Marlou: “Ik had niet durven dromen dat het nu zo goed gaat met Rob. Toch is het niet altijd makkelijk om alles 'gewoon' weer op te pakken. Het kost ons meer tijd en aandacht om elkaar goed te begrijpen. Dat dwingt ons voortdurend om te vertragen in een nogal bloeiende periode van het leven. Ondanks alle veranderingen, is het karakter van Rob gelukkig hetzelfde gebleven. Zijn gastvrijheid, eigenwijsheid, zorgzaamheid... het is er allemaal nog. Daar ben ik dankbaar voor. ”

De toekomst
Rob: “Het is zo'n bizarre situatie om hier in terecht te komen. Je kunt dit allemaal niet voorspellen, maar dan is het er opeens en volgt er ongelooflijk veel liefde. Ik ben dankbaar voor de steun van familie, vrienden, zorgverleners en vooral Marlou. De relatie met haar is nog hechter geworden. Deze gebeurtenis heeft mij ook weer zo veel inzichten gebracht. Ik ervaar dat ik vaker waarneem wat er gebeurt zonder dat ik er allerlei hersenspinsels aan toevoeg. Daar speelt mijn verleden in meditatie een rol in.

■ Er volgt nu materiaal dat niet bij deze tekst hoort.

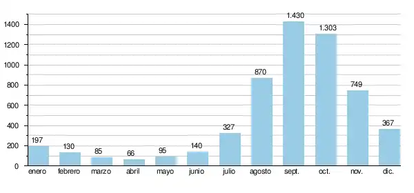 Caudal medio mensual del río Sara (Bahr Sara) medido en la estación hidrológica de Moïssala (en m³/s)
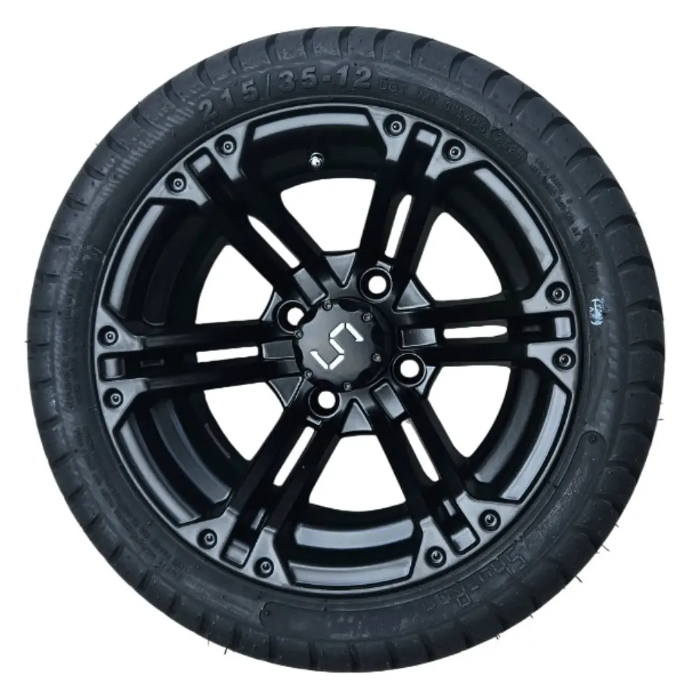 Upgrade your golf cart with this 215/35-12 Matte Black Tyre & Wheel Combo. Built for durability and smooth performance, it provides excellent traction while giving your cart a sleek, modern matte finish.
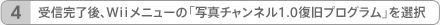 1月31日に発売いたしましたWii用ソフト「大乱闘スマッシュブラザーズX」によるWii本体の更新にともない、「写真チャンネル」が、1.0(MP3形式対応)から1.1(AAC形式対応)にバージョンアップされ、元に戻すことができなくなったお客様より、「写真チャンネルでMP3の音声ファイルが使えなくなった」というご指摘をいただいております。
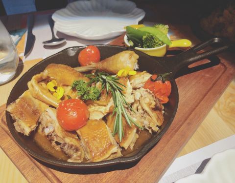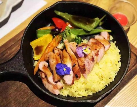 少女风的田园风格餐厅,满墙满墙都是花海,好美啊。 被外表吸引了过去,想不到味道还不错哦。 德国烧鸡上放满了香料,好看又好吃,这里的味道不会很重,适合喜欢小清新的人。 炒饭里加了鹅肝,口感更细腻和浓郁...
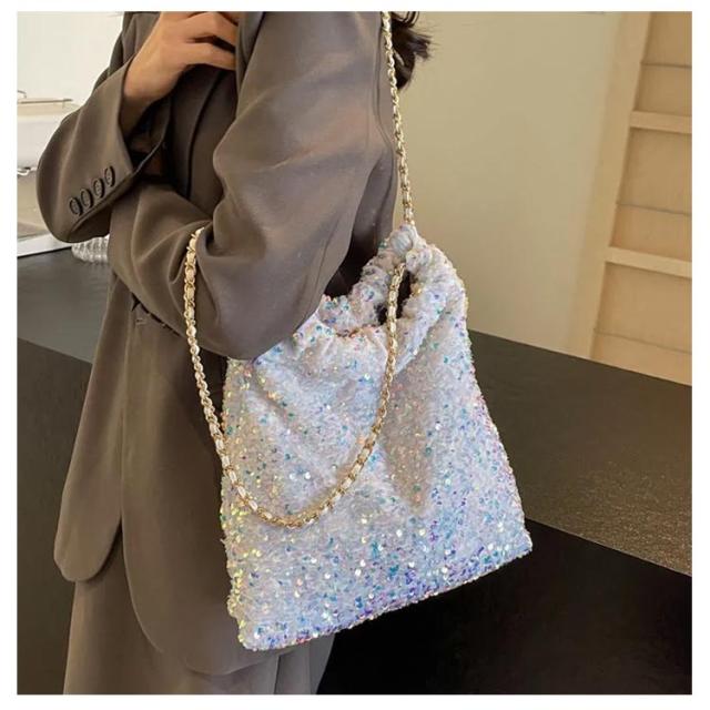 2WAY ショルダー バッグ スパンコール 2way 巾着バッグ コンパクト ベージュ 巾着バッグ スパンコールバッグ スパンコール ショルダーバッグ パーティーバッグ ブラック シルバー 彩色 スパンコール レディース きらきら オケージョン 光沢 軽量

Ik had natuurlijk nooit kunnen voorspellen dat zen voor mij deze diepere betekenis zou krijgen. Ik blijf ook eerlijk naar mijzelf. Wat kan ik wel, wat kan ik niet? Normale zaken zoals luisteren, praten, lezen en schrijven, zijn opeens een uitdaging geworden. De toekomst is deels in nevelen gehuld, maar zekerheden in het leven bestaan sowieso niet. Ook al blijft het voor mij en Marlou ook heel pijnlijk wat er is gebeurd.”

Marlou: “Je stelt je verwachtingen steeds bij. Als Rob op de IC ligt hoop je dat hij zijn ogen opent, op de verpleegafdeling hoop je dat hij contact maakt. En nu zou je soms willen dat alles weer bij het oude is.”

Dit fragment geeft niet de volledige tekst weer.